Fake 1: Klimaministerium Veto-Recht hat auch zB das Finanzministerium

Was die Grünen wirklich vorgeschlagen haben: Sie würden gern ein „Klimaschutzministerium“ einrichten. Genau wie es bereits längst z.B. für das Finanzministerium üblich ist, würden die Grünen ein Vetorecht in Bezug auf Gesetze einrichten, die dem von Deutschland unterzeichneten Pariser Klimaabkommen zuwiderliefen. [….]     Merz behauptet stattdessen, die Grünen würden „sämtliche Gesetzesvorhaben blockieren, die nach seiner persönlichen Einschätzung dem Klimaschutz zuwiderlaufen.“ Das ist natürlich eine bewusst falsche Darstellung der Realität. Weder würden die grünen „sämtliche“ Gesetzesvorhaben blockieren können – es geht nur um andere Ministerien, nicht das Parlament – noch würde es sich um die „persönliche Einschätzung“ des Klimaschuztzministers halten, sondern natürlich um eine Prüfung mit der Vereinbarkeit eines internationalen Abkommens, zu dem sich Deutschland verpflichtet hat. Merz schmückt hier den tatsächlichen Vorschlag mit Unwahrheiten aus, um sie absurder und empörenswerter erscheinen zu lassen.

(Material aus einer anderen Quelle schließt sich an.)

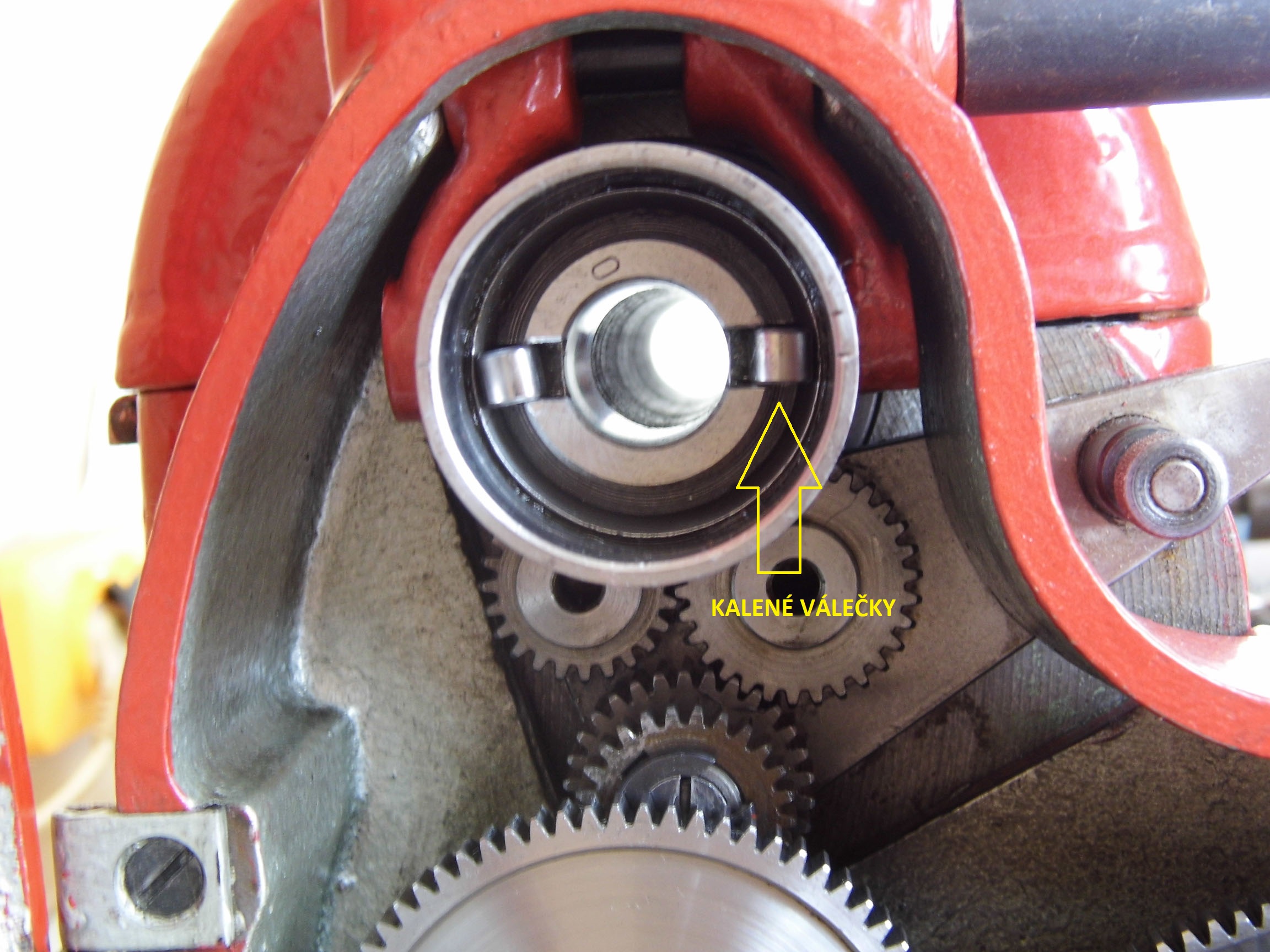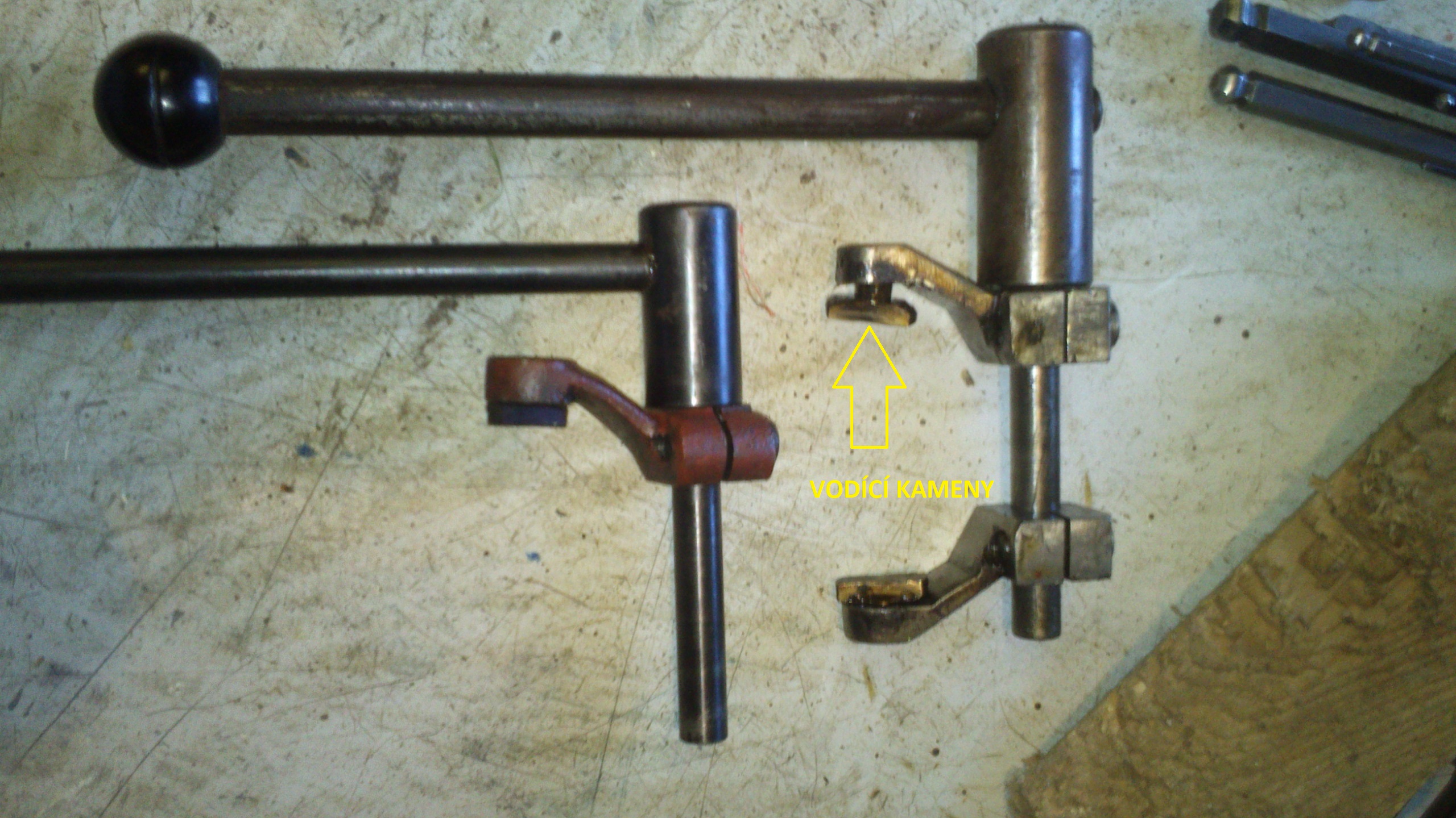 Na zadní straně vřetena je nasunuté jakési "unášecí pouzdro", které má uvnitř drážku na pero. Pouzdro se musí pohybovat v axiálním směru lehce a bez drhnutí. Na obvodu má tohle pouzdro zápich pro dva vodící kameny, které jsou spojené s vidličkama té páky a umožňují posouvání onoho pouzdra. Uvnitř pouzdra jsou ještě poté nasazeny (klidně pomocí vazelíny) dva kalené válečky odvalující pohyb upínací páky při uvolňování a utahování obrobku.
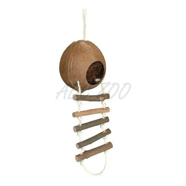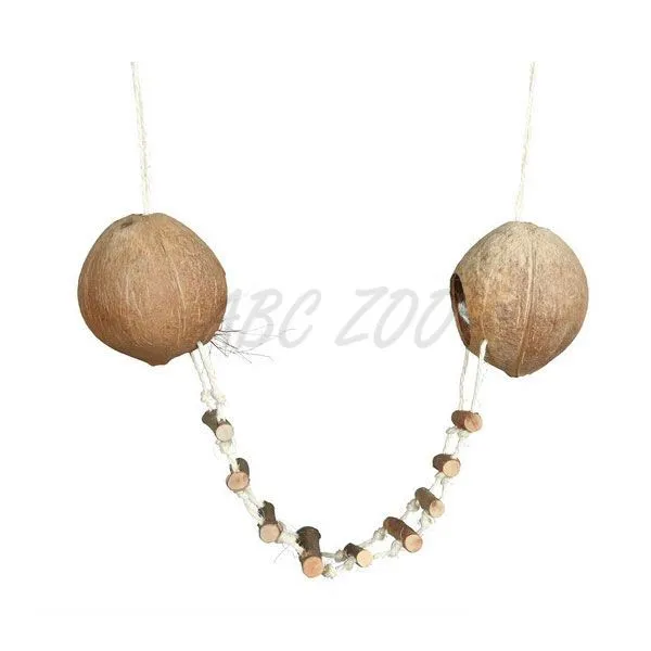 Domčeky z kokosových orechov sú spojené lankami, na ktoré sú pripevnené drievka tvoriace mostík. Kokosové orechy sú ideálne na úkryt, majú otvor a sú vyplnené tenkými vláknami z orechov. Na oboch koncoch je šnúrka s odšrubovateľnými karabinkami pre uchytenie do klietky.
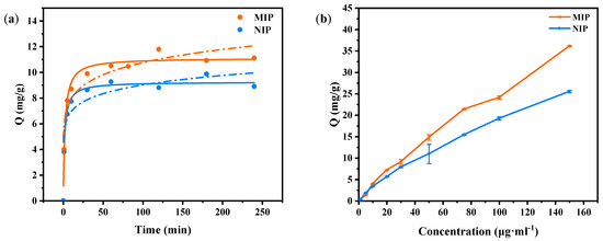 Figure 6a shows the kinetic curves of the adsorption of myricetin by the MIPs and NIPs. Analysis of the Langmuir and Freundlich isothermal models was performed using the static adsorption of the MIPs and NIPs. The adsorption type of the MIPs and NIPs was more consistent with the Langmuir adsorption isotherm formula. It can be seen in the figure that the two curves had the same trend, but they had obvious differences in the adsorption amount, which was mainly due to their structure. There were large numbers of imprinted holes on the surface of the MIPs synthesized by adding template molecules through the surface imprinting method, and they had a high affinity with the template molecules. These holes were able to quickly adsorb imprinted molecules (0–10 min) and could reach a high adsorption capacity in a short time. As the adsorption time passed, the imprinted holes were gradually occupied, and the adsorption rate gradually decreased. Finally, adsorption equilibrium was reached at 120 min, and the adsorption capacity reached 11.80 mg/g. In contrast, the synthesis process for NIPs did not include the addition of template molecules, so there were no specific cavity structures on the surface to combine with myricetin molecules. The functional monomers were arranged disorderedly in the imprinted layer on the surface. Although the imprinted molecules also bound to it, the adsorption of the NIPs to myricetin was non-specific, with a low adsorption rate and low adsorption capacity. Moreover, because there were no specific hole structures on the surface of the NIPs, the mass transfer resistance of the template molecules was small; the time taken to reach adsorption equilibrium was relatively short at 60 min, and the adsorption amount was 9.27 mg/g.
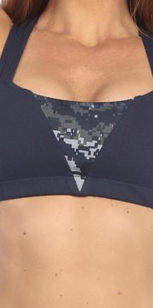 Sexy Multi String Cross Cross Back Tactical Blueberry Pixilated Camo Work Out Top - Navy Blue/Blue features this supportive stretch material work out bra top with criss cross back and authentic digital camo front accent. Bottoms not included.Limited by M fitness line was created and manufactured in the USA in honor of our US Armed Forces. All the digital camo fabric used as accents in this line, both navy blue digi camouflage and UPC green camouflage, are authentic military fabric. We are proud to support our troops and create a line that is dedicated to their hard work, sacrifice, and pursuit of physical fitness.

Fake 2: Frei Erfundene Ziele eines Einwanderungsministeriums

[….]     „Ein grünes ‚Einwanderungsministerium‘ soll möglichst viele Einwanderer unabhängig von ihrer Integrationsfähigkeit nach Deutschland einladen,“ behauptet Merz völlig ohne Belege.

Das hat er sich selbst ausgedacht. Der politische Bundesgeschäftsführer der Grünen, Michael Kellner, sagte dem Redaktions­Netzwerk Deutschland das Ganze sei „ziemlich an den Haaren herbeigezogen“ [….] [….]

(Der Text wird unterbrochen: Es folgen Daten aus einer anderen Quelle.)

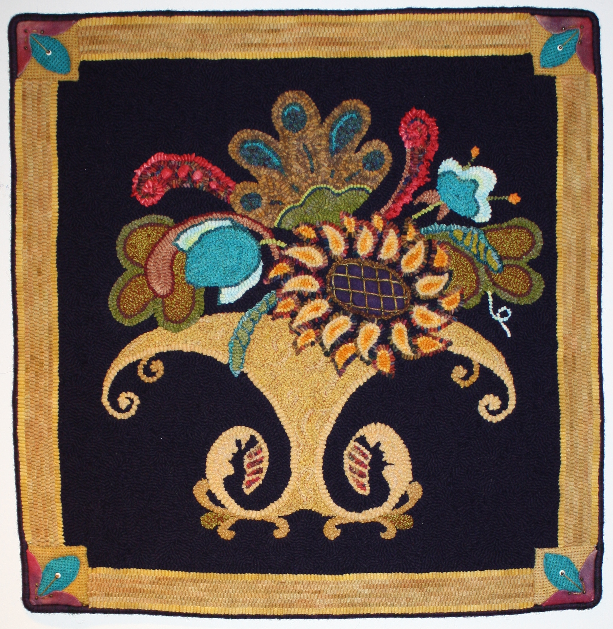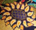 Embroidery skills are evident in the detailed cross hatch of the central flower and the quilted, appliqué corners. She also used beads and hooked in sari silk ribbon to highlight some accents and hand dyed all the wool.
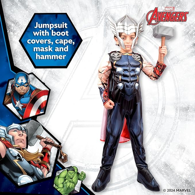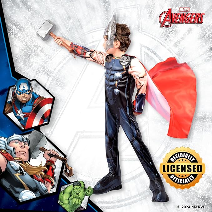 زي تنكري رسمي مرخص من مارفل، مستوحى من شخصية "ثور" إله الرعد الاسكندنافي. يتميز هذا الزي بتفاصيل دقيقة تجعله مثاليًا لحفلات الأبطال الخارقين والهالوين ومناسبات أخرى. يأتي مع بدلة مبطنة، جزمة وحزام، بالإضافة إلى رداء يعكس شخصية "ثور". يمكن غسله يدويًا فقط للحفاظ على جودته. مثالي لجعل أي مناسبة تنكرية مليئة بالإثارة والمرح.

(Thomas Laschyk, 08. Aug.21)

Die CDU-Fanboys Spahn, Kuban, Frei, Amthor, Ploß und Co lieben ihren Friedrich Baron Münchhausen an der Parteispitze. Nach dem Amtsantritt der Ampel, als frische gebackener Fraktions- und Parteivorsitzender, log und hetzte der Sauerländer Richter  zum Entzücken seiner rechten Parteifreunde kräftig weiter.

[….] Friedrich Merz: „Wir erleben mittlerweile einen Sozialtourismus dieser Flüchtlinge: nach Deutschland, zurück in die Ukraine, nach Deutschland, zurück in die Ukraine.“ [….] Infolge der "Sozialtourismus"-Äußerung äußerten Politikerinnen und Politiker parteiübergreifend Kritik. Bundesinnenministerin Nancy Faeser, die sich im Vorfeld bereits dafür ausgesprochen hatte, Kriegsdienstverweigerern aus Russland Asyl zu gewähren, bezeichnete die Aussagen von Merz als "schäbig". Es handle sich dabei um "Stimmungsmache auf dem Rücken ukrainischer Frauen und Kinder, die vor Putins Bomben und Panzern geflohen sind", schrieb Faeser am Morgen im Kurzbotschaftendienst Twitter - ohne Merz namentlich zu erwähnen.

Zudem bezog sich Faeser mit ihrem Tweet auf den von Merz benutzten Begriff "Sozialtourismus". Dieser sei 2013 "Unwort des Jahres" gewesen, erklärte sie. Es sei "auch 2022 jedes Demokraten unwürdig".[….]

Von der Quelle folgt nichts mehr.